WHAT IS EXPECTED
From the data below, repeat everything exactly except the images.
(PROVIDED RECORDS Opens)
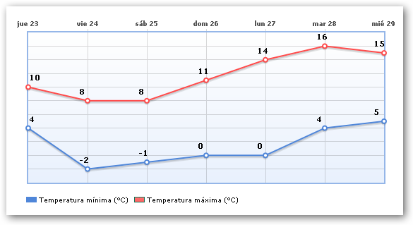 Temperaturas en descenso moderado. Vientos de componente oeste; moderados en el interior, con rachas fuertes en cotas altas, y fuertes en el litoral con rachas muy fuertes.
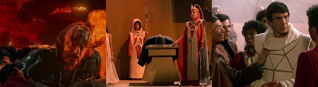 Still, the sacrifice enables Kirk and his crew to beam safely to the Genesis planet, where they’re stunned to see Spock restored and suffering from his unnatural aging. Despite the planet being ravaged by severe storms, Kirk takes the time to cover up his son’s body, and then lures the callous Klingon commander to the planet’s surface by promising him the knowledge he desires. Although Kirk convinces Kruge to beam the others to the Bird-of-Prey, Kruge spitefully refuses to take Spock along and, refusing to back down even though the planet is literally being torn apart around them, a final confrontation between Starfleet’s most celebrated commander and the vindictive Klingon ensues. Naturally, Kirk is no physical match for the superior Klingon, but he’s fuelled by a need to avenge his son and protect his restored friend; this, in addition to the constantly shifting, “exhilarating” landscape, essentially means the two are almost on equal ground. With flames and lava spewing around them and the ground cracking apart, Kirk ultimately sends his hated enemy plummeting to the molten rock below when Kruge refuses Kirk’s attempt to save his life. Feigning Klingon, Kirk and Spock are beamed to safety and his crew easily take control of the Bird-of-Prey and pilot it to Vulcan. There, much to Sarek’s dismay at Kirk’s losses and gratitude for his heroics, the Enterprise crewmen witness an ancient ritual in which a wizened Vulcan priestess, T’Lar (Dame Judith Anderson), successfully transfers Spock’s katra from Bones’s mind and into Spock’s restored body. Although T’Lar stresses that the “fal-tor-pan” poses a great danger to both Bones and Spock, the re-fusion is successful with very little fuss and fanfare and, while understandably confused, Spock soon recognises his friends and crew as they joyfully gather around him, grateful to have their companion returned to them despite the heavy price they paid.
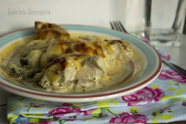 Пиле с гъби и сметана
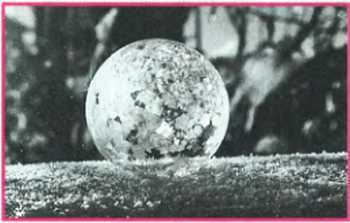 Потребуются: • мыльные пузыри • морозная погода Опыт: Выносим баночку с мыльным раствором на сильный мороз и выдуваем пузыри. Сразу же в разных точках поверхности возникают мелкие кристаллики, которые быстро разрастаются и наконец сливаются. Если погода не очень морозная и пузыри не замерзают, понадобится снежинка: как только вы выдули мыльный пузырь, сбросьте на него снежинку, и вы увидите, как она тут же соскользнет вниз и пузырь замерзнет. Разоблачение: При морозе и соприкосновении со снежинкой моментально начинается процесс кристаллизации, поэтому мыльный пузырь замерзает.
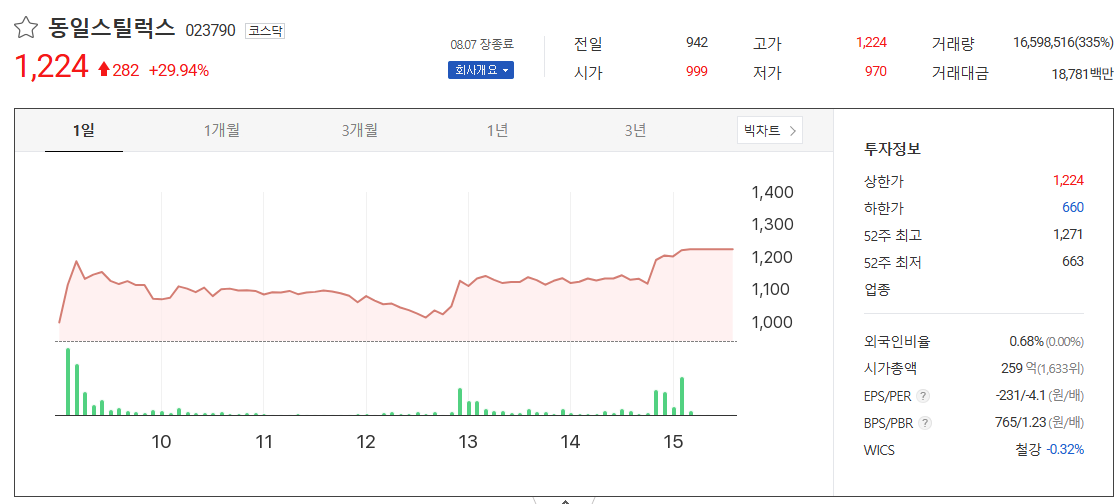 핵심 요약: 동일스틸럭스 주가 상승 모멘텀 분석 📊
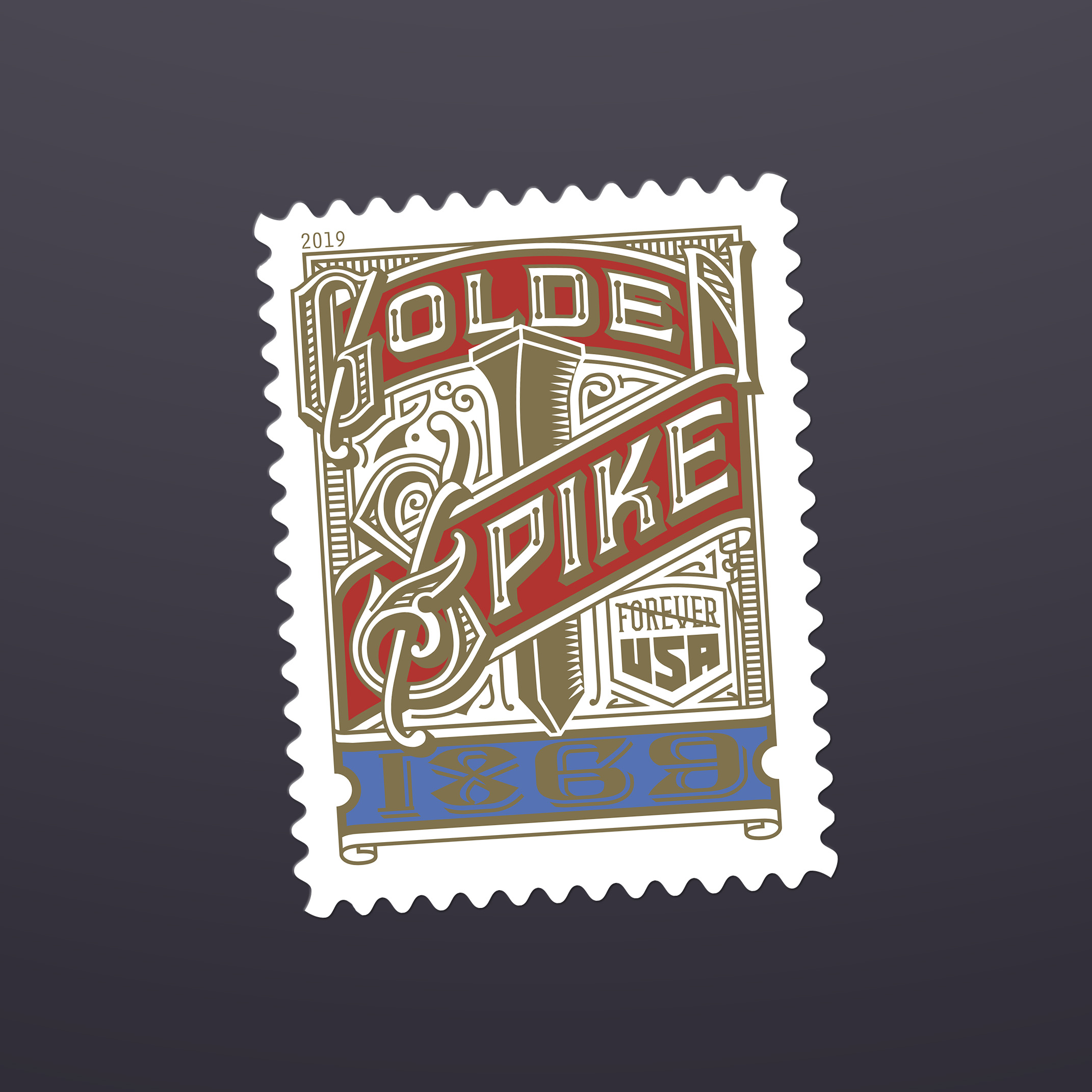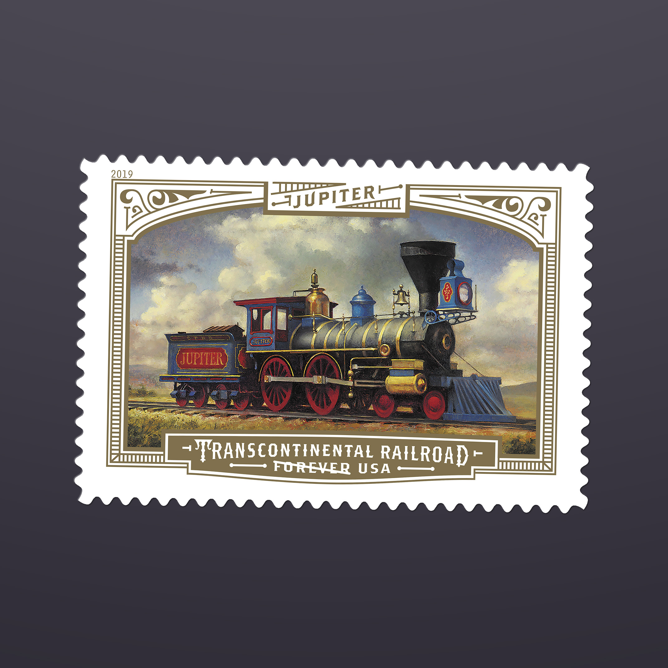 Greg Breeding, an art director for the Postal Service, designed the issuance using paintings of the locomotives by Michael J. Deas. Kevin Cantrell illustrated the stamp depicting the ceremonial golden spike and created the border treatments and typography for all three stamps.
(PROVIDED RECORDS Closes)
THE COMPLETED TASK
 Temperaturas en descenso moderado. Vientos de componente oeste; moderados en el interior, con rachas fuertes en cotas altas, y fuertes en el litoral con rachas muy fuertes.
 Still, the sacrifice enables Kirk and his crew to beam safely to the Genesis planet, where they’re stunned to see Spock restored and suffering from his unnatural aging. Despite the planet being ravaged by severe storms, Kirk takes the time to cover up his son’s body, and then lures the callous Klingon commander to the planet’s surface by promising him the knowledge he desires. Although Kirk convinces Kruge to beam the others to the Bird-of-Prey, Kruge spitefully refuses to take Spock along and, refusing to back down even though the planet is literally being torn apart around them, a final confrontation between Starfleet’s most celebrated commander and the vindictive Klingon ensues. Naturally, Kirk is no physical match for the superior Klingon, but he’s fuelled by a need to avenge his son and protect his restored friend; this, in addition to the constantly shifting, “exhilarating” landscape, essentially means the two are almost on equal ground. With flames and lava spewing around them and the ground cracking apart, Kirk ultimately sends his hated enemy plummeting to the molten rock below when Kruge refuses Kirk’s attempt to save his life. Feigning Klingon, Kirk and Spock are beamed to safety and his crew easily take control of the Bird-of-Prey and pilot it to Vulcan. There, much to Sarek’s dismay at Kirk’s losses and gratitude for his heroics, the Enterprise crewmen witness an ancient ritual in which a wizened Vulcan priestess, T’Lar (Dame Judith Anderson), successfully transfers Spock’s katra from Bones’s mind and into Spock’s restored body. Although T’Lar stresses that the “fal-tor-pan” poses a great danger to both Bones and Spock, the re-fusion is successful with very little fuss and fanfare and, while understandably confused, Spock soon recognises his friends and crew as they joyfully gather around him, grateful to have their companion returned to them despite the heavy price they paid.
 Пиле с гъби и сметана
 Потребуются: • мыльные пузыри • морозная погода Опыт: Выносим баночку с мыльным раствором на сильный мороз и выдуваем пузыри. Сразу же в разных точках поверхности возникают мелкие кристаллики, которые быстро разрастаются и наконец сливаются. Если погода не очень морозная и пузыри не замерзают, понадобится снежинка: как только вы выдули мыльный пузырь, сбросьте на него снежинку, и вы увидите, как она тут же соскользнет вниз и пузырь замерзнет. Разоблачение: При морозе и соприкосновении со снежинкой моментально начинается процесс кристаллизации, поэтому мыльный пузырь замерзает.
 핵심 요약: 동일스틸럭스 주가 상승 모멘텀 분석 📊
 Greg Breeding, an art director for the Postal Service, designed the issuance using paintings of the locomotives by Michael J. Deas. Kevin Cantrell illustrated the stamp depicting the ceremonial golden spike and created the border treatments and typography for all three stamps.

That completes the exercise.